The buzzer system at a fast-food restaurant is even more accurate:
- You order (register interest)
- You sit down and do other things (non-blocking)
- Buzzer vibrates (event notification — kqueue/epoll)
- You pick up your food (handle the ready event)
The problem: one thread per connection
The traditional server model:
#![allow(unused)]
fn main() {
loop {
let stream = listener.accept();
std::thread::spawn(|| handle(stream)); // one thread per client
}
}
Each thread costs real resources:
┌────────────────────────────────────────────────────┐
│ Thread Memory Layout │
│ │
│ ┌──────────────┐ Each thread gets its own stack │
│ │ Stack: 8 MB │ allocated by the OS. │
│ │ │ Most of it is never used — │
│ │ (mostly │ the thread is just waiting │
│ │ empty, │ on read() or write(). │
│ │ waiting) │ │
│ │ │ │
│ └──────────────┘ │
│ │
│ 10,000 threads × 8 MB = 80 GB virtual memory │
│ (actual RSS is lower, but overhead is still real) │
└────────────────────────────────────────────────────┘
See it yourself
Check your system’s default thread stack size:
# macOS
ulimit -s # prints stack size in KB (usually 8192 = 8 MB)
# Linux
ulimit -s # usually 8192 KB
cat /proc/sys/kernel/threads-max # max threads the kernel allows
Check how many threads a process is using:
# macOS: count threads of a process
ps -M <pid> | wc -l
# Linux: count threads of a process
ls /proc/<pid>/task | wc -l
# Or for any process by name
ps -eLf | grep <process-name> | wc -l
The C10K problem
In 1999, Dan Kegel asked: “how do you handle 10,000 concurrent connections?” With one thread per connection, you can’t — you hit OS limits on memory, thread count, and context switching overhead.

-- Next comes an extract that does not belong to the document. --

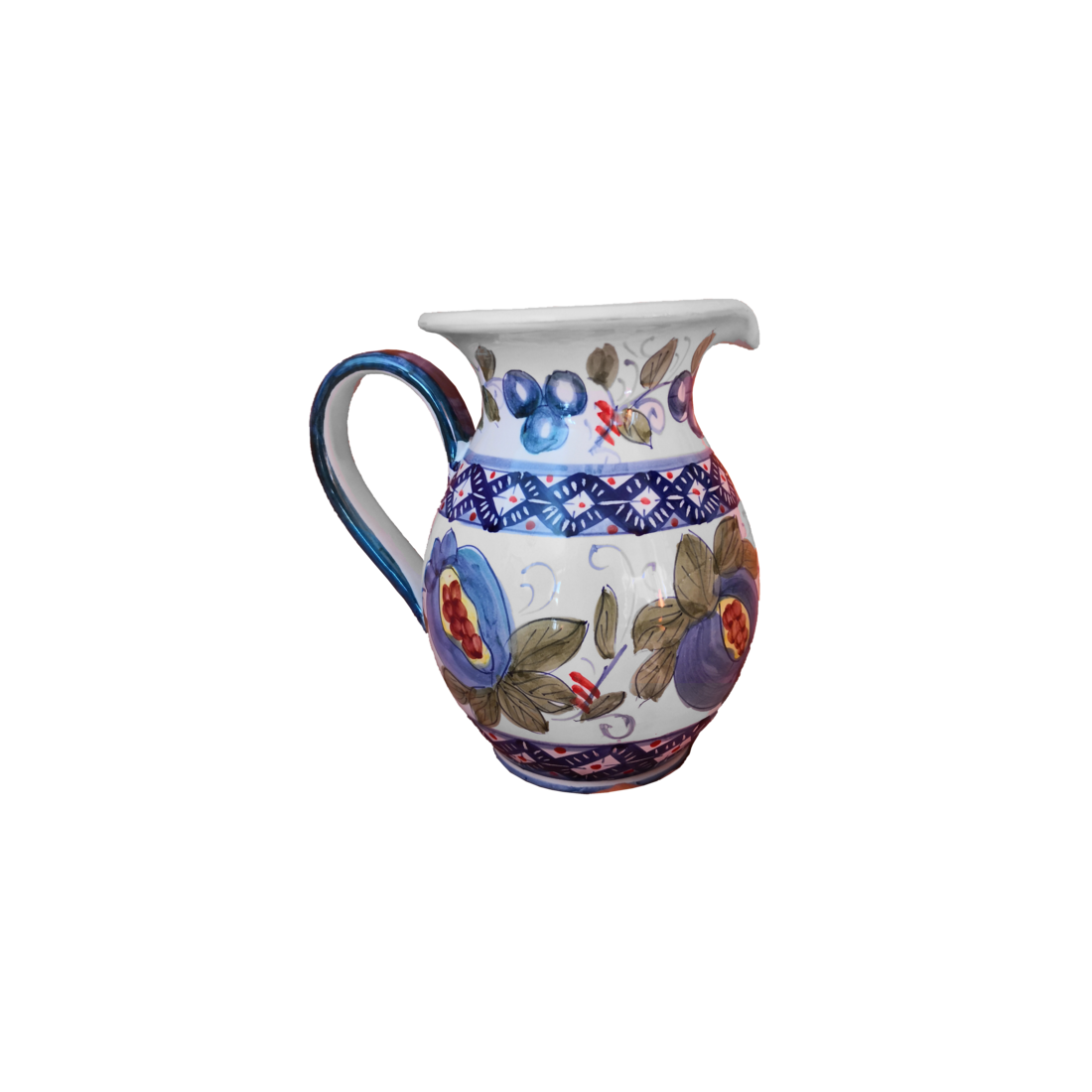 Brocca fondo bianco decoro melograni. Ceramica di Vietri dipinta a mano.

Connections Threads Memory (8MB stack) Context switches/sec
──────────────────────────────────────────────────────────────────────
100 100 800 MB ~10,000
1,000 1,000 8 GB ~100,000
10,000 10,000 80 GB ~1,000,000 (OS melts)
100,000 ??? impossible impossible
Modern servers need to handle 100K-1M+ connections. Threads don’t scale.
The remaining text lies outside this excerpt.